### DIRECTIONS FOR THIS TASK
Print the records below exactly, with no pictures.

### SUPPLIED RECORDS
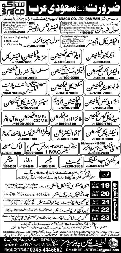 Vacant posts including hv technician, civil supervisor, medical gas technician, aluminum technician, civil foreman, generator technician electrical, painter, photocopier technician, bms operator, agriculture technician, electro mechanic technician, electronics technician, irrigation pump mechanic, hvac technician, lock smith, electrical engineer, plumber, system control technician, sewerage treatment plant technician, safety supervisor, auto electrician, ccms operator, water treatment plant operator, mechanical technician, welder, chemist, ccms technician, electrical technician, fire alarm technician, bms technician, safety technician, electronics engineer and home appliances technician are announced in Latif Manpower Services Dammam, riyadh Saudi Arabia as per 17 January 2025 advertisement in daily Express Newspaper. Intermediate, B.E, Matric, DAE, Bachelor, Middle and BA etc. educational qualification will be preferred.
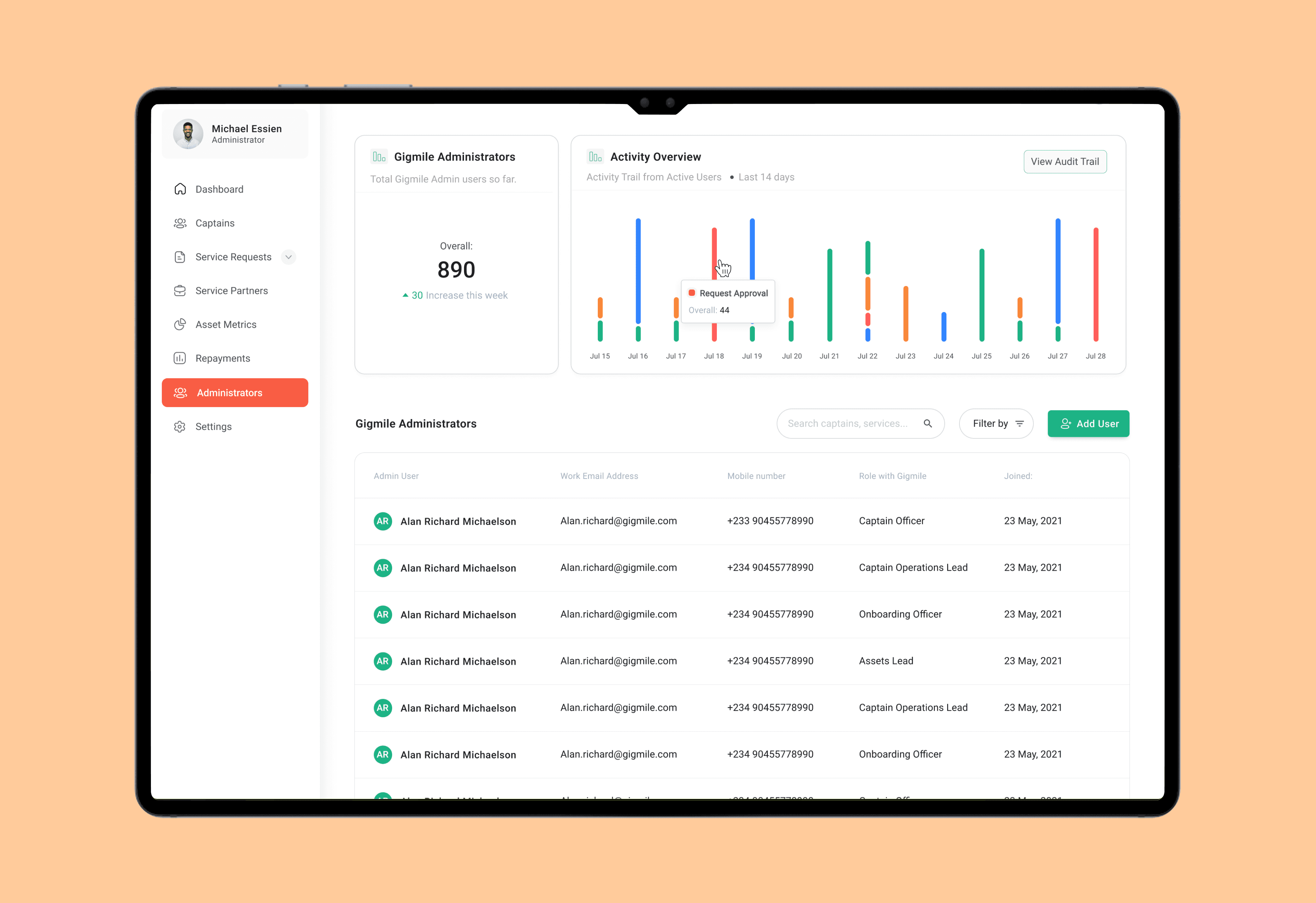 The level of information shown to an admin depends on the specific role, and the metrics were strictly informed by the details the specific admin role tracks in day-to-day operations during fields surveys.
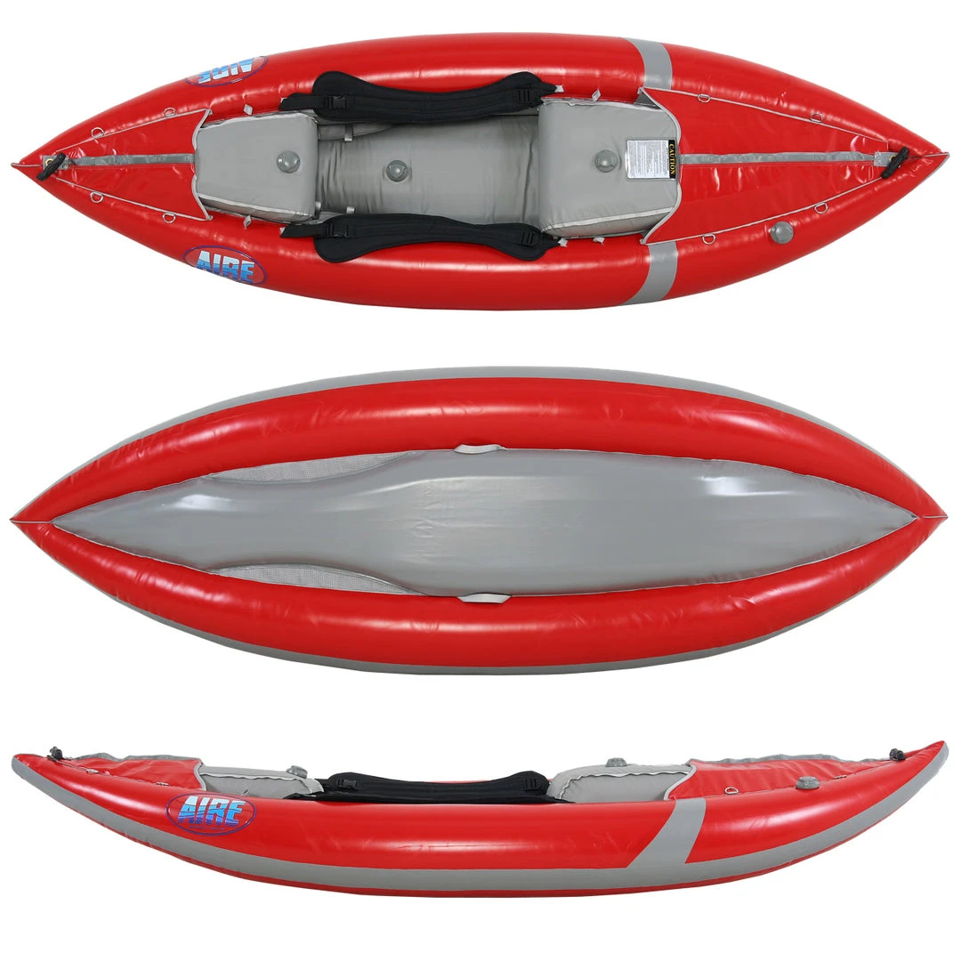 The AIRE Force inflatable kayak mimics the maneuverability of hard-shell kayaks while providing the security and safety of an inflatable kayak. It surfs waves, punches through holes and maneuvers quickly. No other inflatable comes close to matching the Force’s quickness and river play performance.
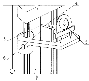 活动夹头是杨氏模量仪中最关键的部件之一,本发明提供一种无活动夹头杨氏模量仪,通过在光杠杆后足用磁力连接铲形稀土磁铁使待测钢丝与光杠杆后足依靠磁力结为一体,从而省去了活动夹头,此举使测量调节方便省时,消除了夹头与孔壁的摩擦,并减小了测量误差,还降低了测量仪的制造成本。
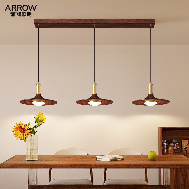 天猫箭牌中古风餐厅吊灯复古飞碟灯胡桃木吧台卧茶室饭厅餐桌三头灯具
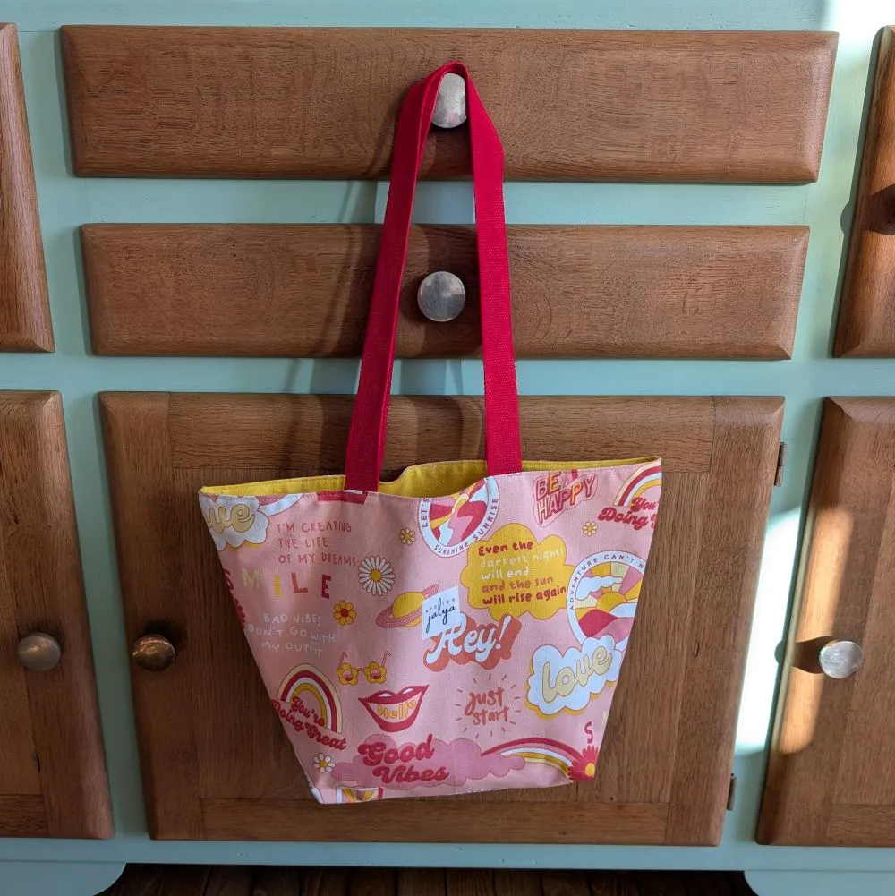 – extérieur: coton épais aux motifs rétro Pop up jaune et rouge sur fond rose clair
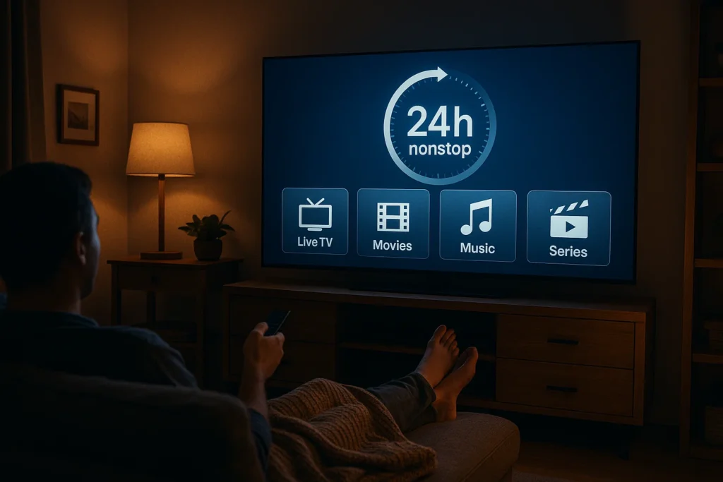 Mit IPTV 24h erleben Zuschauer modernes Fernsehen rund um die Uhr – flexibel, digital und in gestochen scharfer HD-Qualität. Ob Live-Sport, Filme oder internationale Kanäle: Dieses IPTV-Angebot bringt nonstop Unterhaltung direkt auf Ihren Bildschirm. Ohne Kabel, ohne Wartezeit und mit maximaler Freiheit.
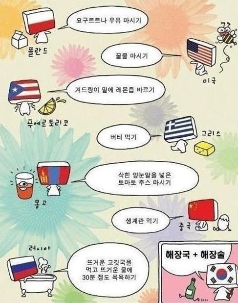 최근 한 온라인 커뮤니티에는 ‘나라별 해장 해법’ 설명이 실린 사진이 게시됐다. ‘나라별 해장 해법’은 음주로 지친 몸을 달래는 각 나라의 저마다의 해법이 공개돼있다.
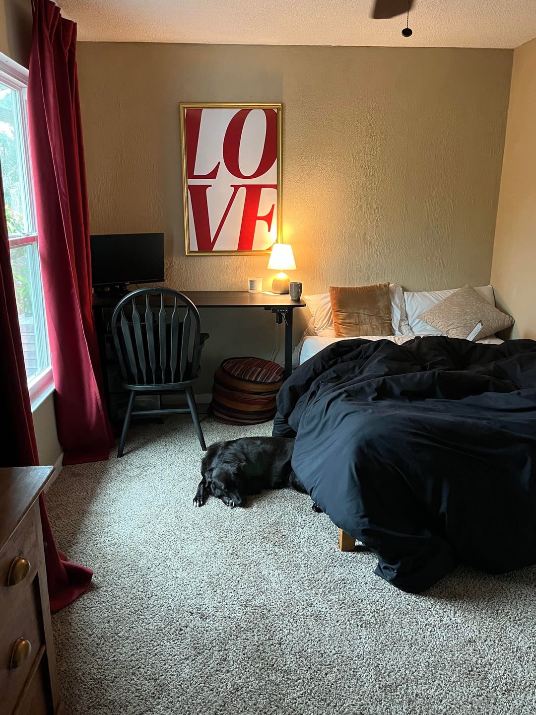 i just dont love it. Feels boring and not well designed. I want a rug but ifk how id place it with this layout. I need a comfy office chair too. Idk km opening to just starting over too but curious what youd suggest.
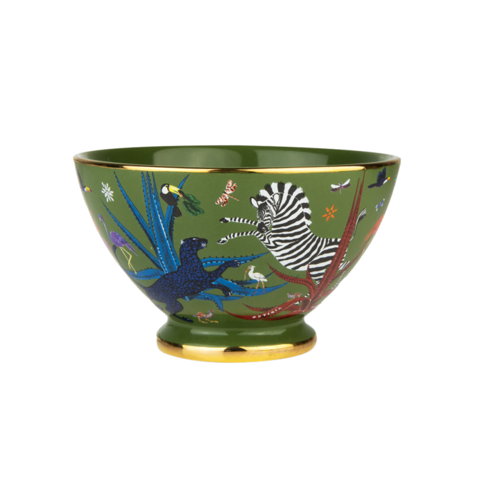 Bol en céramique décoré à la main avec une sérigraphie dorée.

### EXERCISE OUTPUT
 Vacant posts including hv technician, civil supervisor, medical gas technician, aluminum technician, civil foreman, generator technician electrical, painter, photocopier technician, bms operator, agriculture technician, electro mechanic technician, electronics technician, irrigation pump mechanic, hvac technician, lock smith, electrical engineer, plumber, system control technician, sewerage treatment plant technician, safety supervisor, auto electrician, ccms operator, water treatment plant operator, mechanical technician, welder, chemist, ccms technician, electrical technician, fire alarm technician, bms technician, safety technician, electronics engineer and home appliances technician are announced in Latif Manpower Services Dammam, riyadh Saudi Arabia as per 17 January 2025 advertisement in daily Express Newspaper. Intermediate, B.E, Matric, DAE, Bachelor, Middle and BA etc. educational qualification will be preferred.
 The level of information shown to an admin depends on the specific role, and the metrics were strictly informed by the details the specific admin role tracks in day-to-day operations during fields surveys.
 The AIRE Force inflatable kayak mimics the maneuverability of hard-shell kayaks while providing the security and safety of an inflatable kayak. It surfs waves, punches through holes and maneuvers quickly. No other inflatable comes close to matching the Force’s quickness and river play performance.
 活动夹头是杨氏模量仪中最关键的部件之一,本发明提供一种无活动夹头杨氏模量仪,通过在光杠杆后足用磁力连接铲形稀土磁铁使待测钢丝与光杠杆后足依靠磁力结为一体,从而省去了活动夹头,此举使测量调节方便省时,消除了夹头与孔壁的摩擦,并减小了测量误差,还降低了测量仪的制造成本。
 天猫箭牌中古风餐厅吊灯复古飞碟灯胡桃木吧台卧茶室饭厅餐桌三头灯具
 – extérieur: coton épais aux motifs rétro Pop up jaune et rouge sur fond rose clair
 Mit IPTV 24h erleben Zuschauer modernes Fernsehen rund um die Uhr – flexibel, digital und in gestochen scharfer HD-Qualität. Ob Live-Sport, Filme oder internationale Kanäle: Dieses IPTV-Angebot bringt nonstop Unterhaltung direkt auf Ihren Bildschirm. Ohne Kabel, ohne Wartezeit und mit maximaler Freiheit.
 최근 한 온라인 커뮤니티에는 ‘나라별 해장 해법’ 설명이 실린 사진이 게시됐다. ‘나라별 해장 해법’은 음주로 지친 몸을 달래는 각 나라의 저마다의 해법이 공개돼있다.
 i just dont love it. Feels boring and not well designed. I want a rug but ifk how id place it with this layout. I need a comfy office chair too. Idk km opening to just starting over too but curious what youd suggest.
 Bol en céramique décoré à la main avec une sérigraphie dorée.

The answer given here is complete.